投手の基本は「原点投球」というのは、亡くなった野村克也元ヤクルト監督だった。
「すべてのピッチングの原点は外角低めの真っ直ぐ。その原点投球の力を養うことが、投手の先ず課せられる課題だ」
野村の教えである。
ところが真っ直ぐがシュート回転すれば、当然、その“原点”を狙ったボールがホームプレートの中に、中に入ってくることになる。苦しいときにこそ必要な“原点投球”が、逆に打者にとっては甘い絶好球になる危険性を孕むことになる、ということだ。
大勢の投球を見ていると、ほぼほぼ真っ直ぐはシュート回転で、フォークも少しシュート気味に右にスライドしながら落ちる。
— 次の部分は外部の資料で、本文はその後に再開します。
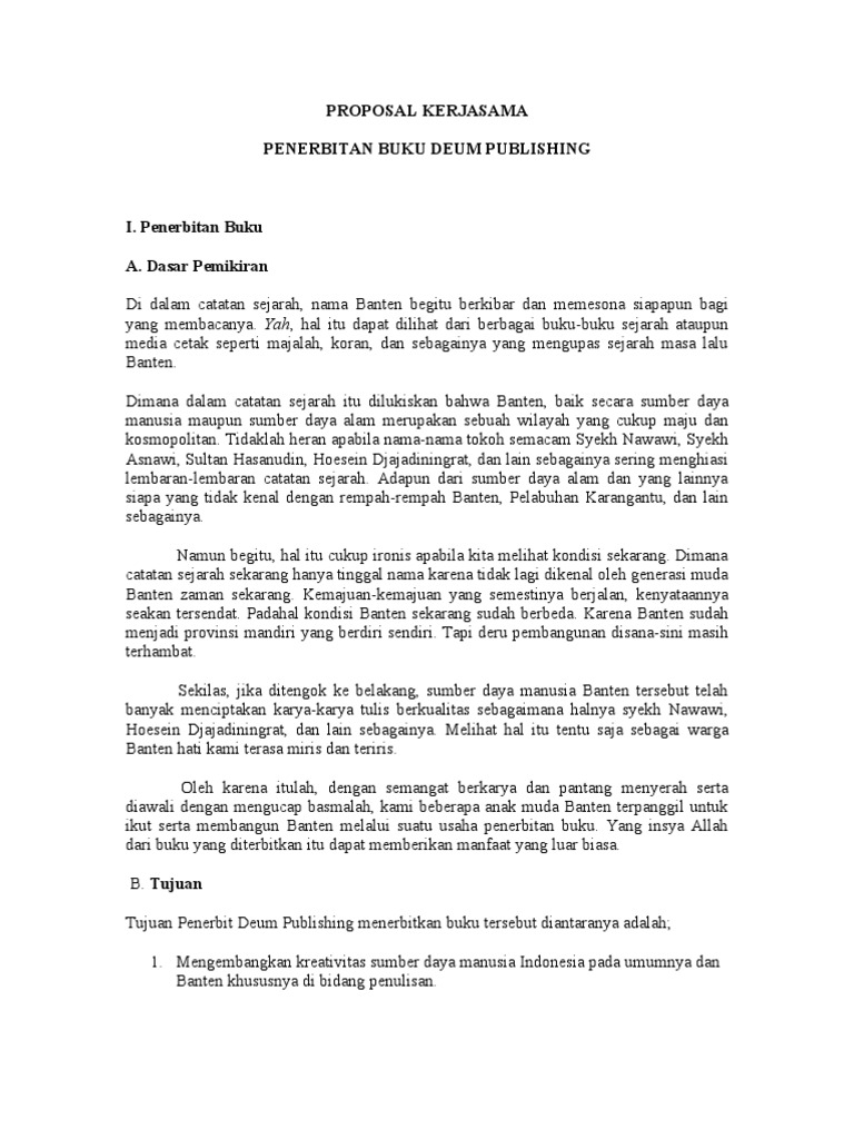 PDF Download Contoh Proposal Kerjasama Dengan Bank PDF (15.00 ... Download Contoh Proposal Kerjasama Dengan Bank PDF (15.00 MB) - SamPDF SamPDF Cara Membuat Proposal Penawaran Produk Halo Teman-teman, Tips Bisnis dari Satoeasa hadir lagi. Nah di episode perdana tahun 2021 ini kami mengulas tentang bagaimana cara membuat proposal penawaran produk. Semoga video Cara Membuat Proposal Penawaran Produk ini Contoh Proposal Surat Penawaran Supporting Promotion Ke ... Contoh surat penawaran kerjasama dengan bank contoh seputar. Promotion seperti konstruksi billboard papan reklame, neon box, branding painting, baliho,. Proposal penawaran kerjasama supporting promotion ( indoor & out door media ) . Pembayaran dengan kartu kredit (bca dan mandiri) . Download Contoh Proposal Kerja Sama [Word, PDF] Selain itu, proposal dapat membantu kamu menyusun rencana bisnis sesuai dengan hasil di lapangan. Berikut ini adalah contoh struktur pembuatan proposal kerja sama untuk diperhatikan. 1. Keuntungan Bagi Perusahaan Partner. 2. Keuntungan berupa hubungan kerja sama untuk memperluas jaringan bisnis. 1. Surat Pengantar. Ini Tips Membuat Proposal Kerjasama Bisnis ... - asriman.com Terlebih, banyak contoh proposal kerjasama bisnis properti yang mereka pelajari selama ini, ternyata tidak sesuai dengan yang diharapkan para investor. Bagi developer yang masih belum menguasai pembuatan proposal kerjasama bisnis properti, berikut beberapa tips yang bisa dijadikan petunjuk: Pahami Trust, Safety dan Profiability

それが右打者には真ん中からインコースに投げれば、手元で食い込んでくる球筋となり、左打者には逆に逃げていく球筋となって、有効な武器となっているわけだ。
ただ、確かに外を狙った真っ直ぐはあまりシュートしないで、むしろカット気味に外角に決まることが多い。
「サイドスローやアンダースローの投手の外角の球がシュート回転するなら、手首を立てればいいんだ」
巨人の投手コーチ時代の堀内恒夫さんからこんな話を聞いたことがある。